INTRODUCTION One of the most recognized consequences of aging is a decline in immune
function, so-called "immunosenescence". Vaccination is the most effective prophylactic
intervention for infectious diseases, but due to immunosenescence, the efficacy of vaccines
decreases with increasing age.
Due to immunosenescence, severe infections are more common in the elderly. Not least during
the COVID-19 pandemic, it has become clear that elderly people are particularly susceptible
to severe COVID-19. Strategies to strengthen senior citizens' immune system are urgently
warranted.
Bacillus Calmette-Guérin (BCG) was developed as a childhood vaccine against tuberculosis, but
our group has shown that it can protect against death from other infections, i.e. it has what
the investigators have called non-specific effects (NSEs). In clinical studies, BCG
vaccination was associated with decreased child mortality, mainly as a result of reduced
neonatal sepsis and respiratory infections. In a meta-analysis commissioned by the World
Health Organization (WHO), BCG was associated with a 42% (95%CI: 24-55%) reduction in child
mortality.
NSEs of BCG are not limited to children. An Indonesian trial with 34 subjects aged 60-75
years reported that compared with placebo, consecutive BCG vaccination for 3 months reduced
the incidence of acute upper respiratory tract infections by 80% (95% confidence interval
(CI)=22-95%). In a very recent clinical trial in Greece, BCG vs. placebo to senior citizens
at discharge from the hospital was associated with a significant decrease in time to first
infection (p: 0.035). The incidence of new infections was 42.3% (99% CIs 31.9 53.4%) in the
placebo group and 25.0% (95% CIs (16.4-36.16%) in the BCG group; most of the protection was
against respiratory tract infections (odds ratio 0.20; p: 0.001). No difference in the
frequency of adverse effects was found between groups. These data show that BCG vaccination
is safe and can protect the elderly against infections.

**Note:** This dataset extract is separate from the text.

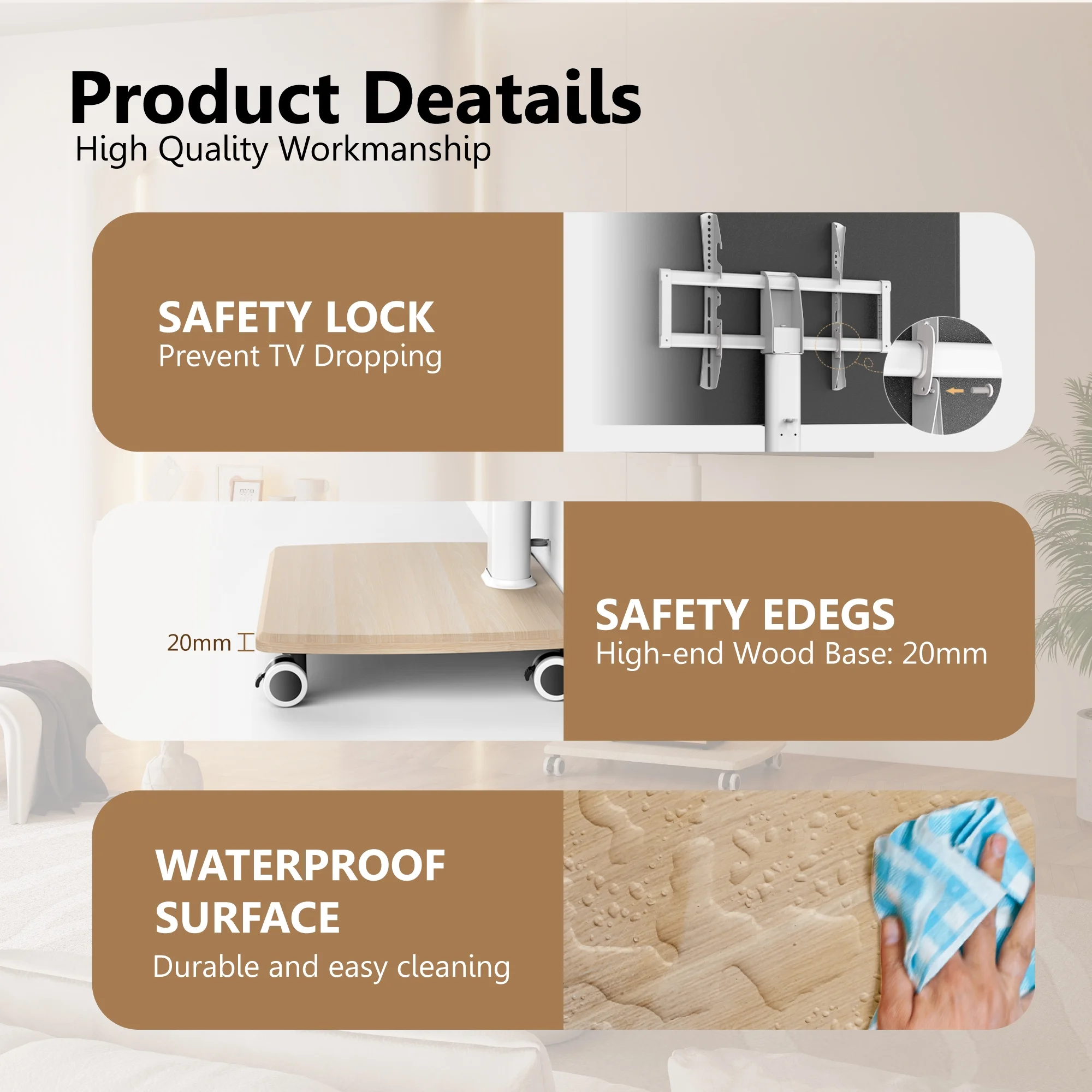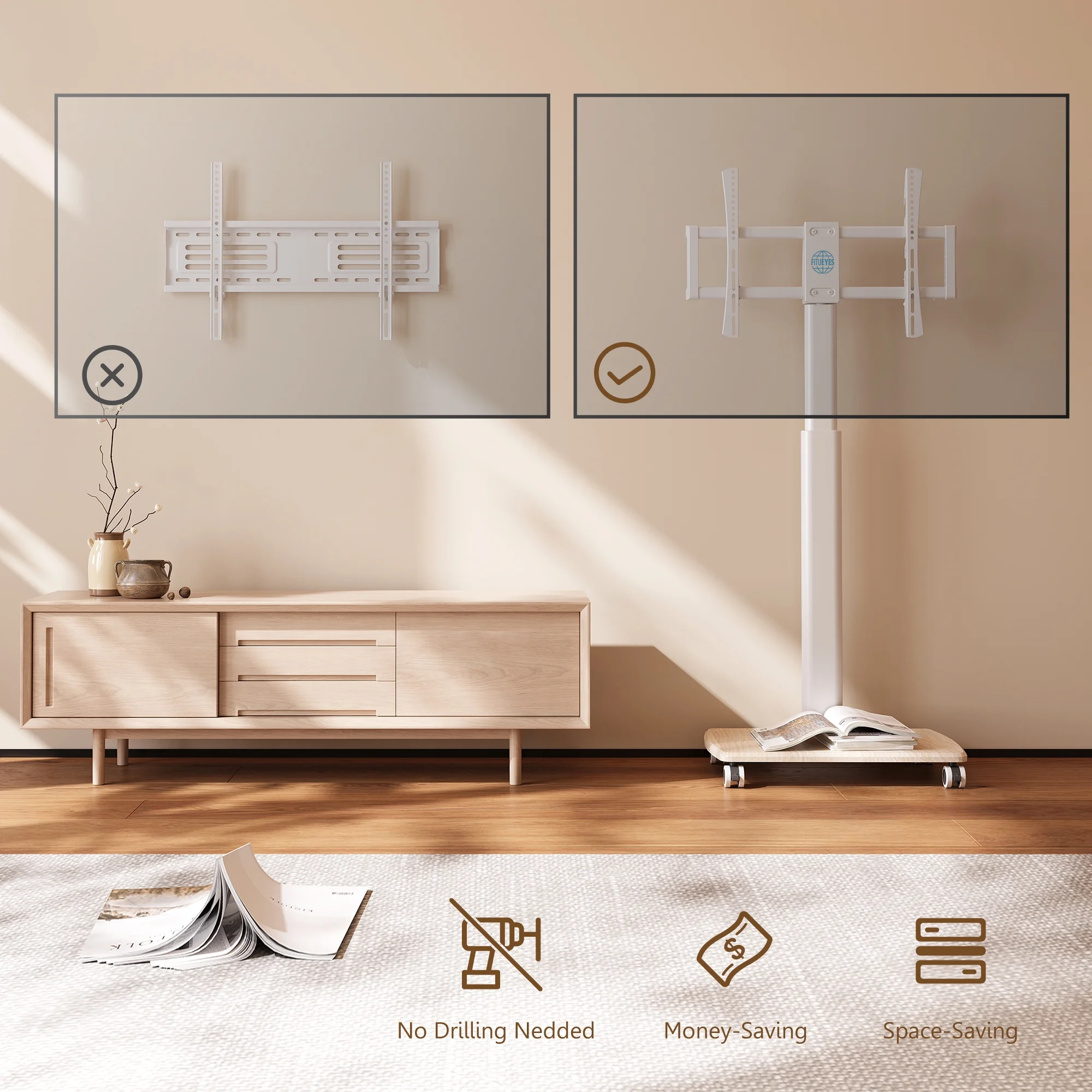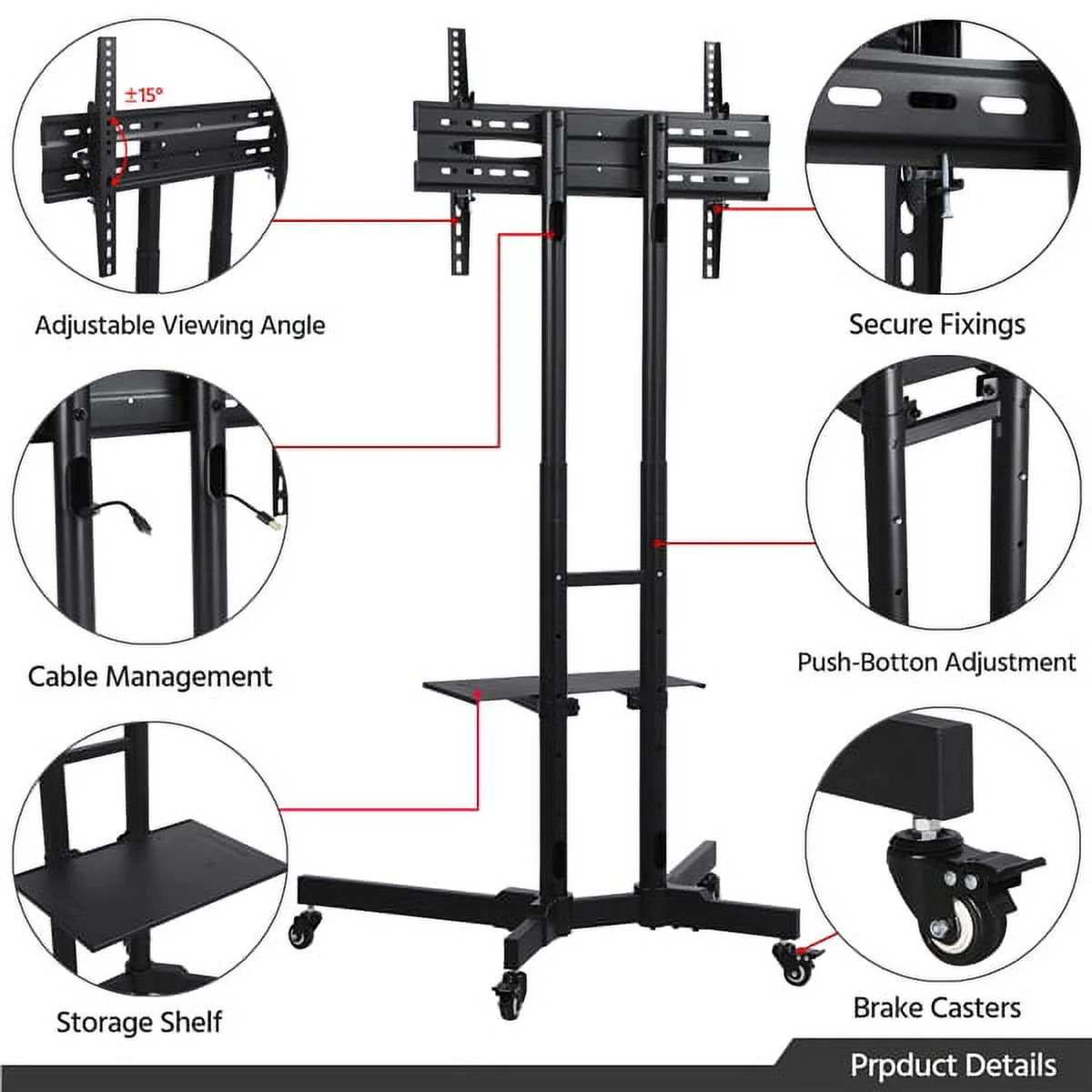Easyfashion Modern Mobile TV Stand Rolling TV Cart for Flat Panel TVs up to 75'', Black

Immunological studies have now provided an explanation for the observed NSEs of BCG: BCG
induces epigenetic and metabolic reprogramming of innate immune cells such as myeloid cells
and Natural Killer cells, leading to an increased antimicrobial activity, a process termed
'trained immunity'.
In a pilot study the investigators recently investigated whether BCG could induce innate
immune training in seniors above 50 years of age in Guinea-Bissau. Two months after
vaccination, BCG recipients had increased release of the pro-inflammatory innate cytokines
interleukin (IL)-1β, IL-6 and TNF-α to non-specific stimuli. These effects were more
pronounced among those with a positive Quantiferon test at baseline. Thus, BCG vaccination
can induce a 'trained immunity' phenotype in older adults. including previously Mycobacterium
tuberculosis exposed individuals.
Currently, numerous clinical trials are investigating the effect of BCG as a prophylactic
treatment for health care workers of all ages. No results of these trials are available yet,
but ecological analyses have suggested that countries with a functioning BCG vaccination
program have lower COVID-19 mortality. Furthermore, in a very recent follow-up study of three
cohorts of healthy volunteers who either received BCG in the last five years or not, BCG
vaccination was safe and not associated with increased incidence of symptoms during the
COVID-19 outbreak in the Netherlands. In fact, BCG vaccination was associated with a decrease
in the incidence of sickness during the COVID-19 pandemic (adjusted odds ratio 0.58, P <
0.05).
The investigators hypothesize that BCG vaccination may strengthen the immune system of the
senior citizens and may (partially) protect against getting infected and/or experiencing
severe morbidity due to infections with SARS-CoV-2 and other infectious pathogens.
OBJECTIVES Primary objective: To reduce senior citizens' risk of acute infection during the
COVID-19 pandemic. Secondary objectives: To reduce senior citizens' risk of SARS-CoV-2
infection during the COVID-19 pandemic. To reduce senior citizens' risk of self-reported
respiratory illness during the COVID-19 pandemic.
HYPOTHESIS BCG vaccination of seniors will reduce the risk of acute infection by 25% over a
period of 12 months.
PROJECT GROUP Christine Stabell Benn (MD, DMSc), Peter Aaby (DMSc), Anne Marie Rosendahl
Madsen (MD, PhD student), Mette Bliddal (PhD), Sebastian Nielsen (MSc, statistician), and
Frederik Schaltz-Buchholzer (MD, PhD), all from University of Southern Denmark. Lene Annette
Norberg (MD, PhD) and Anne Grete Pilgaard from Municipality of Odense. Mihai Netea (MD,
DMSc), Radboud Medical Centre, Nijmegen, The Netherlands. Tyra Grove Krause (MD, PhD),
Statens Serum Institut.
METHODS Study design and follow-up A randomized placebo-controlled clinical trial.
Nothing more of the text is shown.